Si le discours de l’Autre, cette toile de signifiants dans laquelle nous sommes pris sans même percevoir qu’elle nous détermine, fonde l’inconscient structuré comme un langage ; alors s’éclaire la formule de Lacan : « l’inconscient c’est la politique »[6]. Si Neandertal ne possédait pas un langage élaboré à partir du signifiant, nous pouvons en déduire qu’il ne possédait ni inconscient ni capacité à s’organiser en grand nombre au travers de quelque système politique que ce soit. Dès lors, nous pouvons comprendre en quoi l’apparition du signifiant chez Sapiens a causé la perte de Neandertal.

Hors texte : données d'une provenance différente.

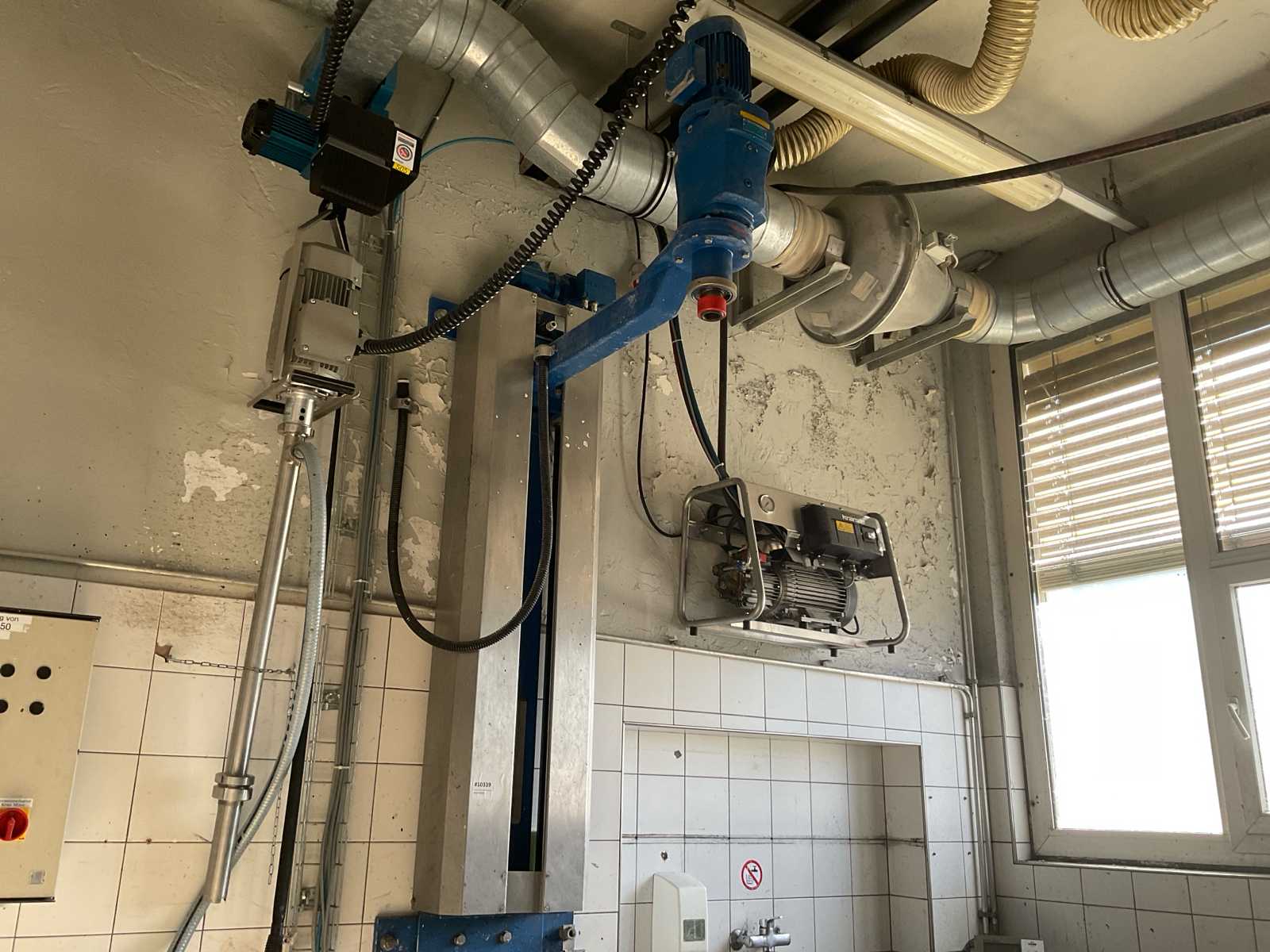 Working width 925 mm, dimension approx. 1500 x 2000 mm, driven motor, combined piping, height approx. 3000 mm, reference number #10086 Auction-ID: A1-44567-23

[1] Harari Y. N., Sapiens, Une brève histoire de l’humanité, Paris, Albin Michel, 2015, p. 32
[2] Cf. Victorri B., « L’origine du langage », conférence lors de la journée de conférence des Ernest, 18 Janvier 2014, École normale supérieure, vidéo disponible en ligne. : https://www.dailymotion.com/video/x1h6sxm
[3] Miller J.-A., « Les six paradigmes de la jouissance », La Cause freudienne, Paris, Seuil, 1999, n° 43, p. 19.
[4] Les plus anciennes traces de l’homme de Neandertal datent d’il y a -430 000 ans alors qu’Homo sapiens est apparue il y a environ 200 000 ans.
[5] Cf. film documentaire « Qui a tué Neandertal » diffusé le 10 avril 2018, dans l’émission « Science grand format » sur France 5.
[6] Lacan J., Le Séminaire, livre XIV, La logique du fantasme, leçon du 10 mai 1967, inédit.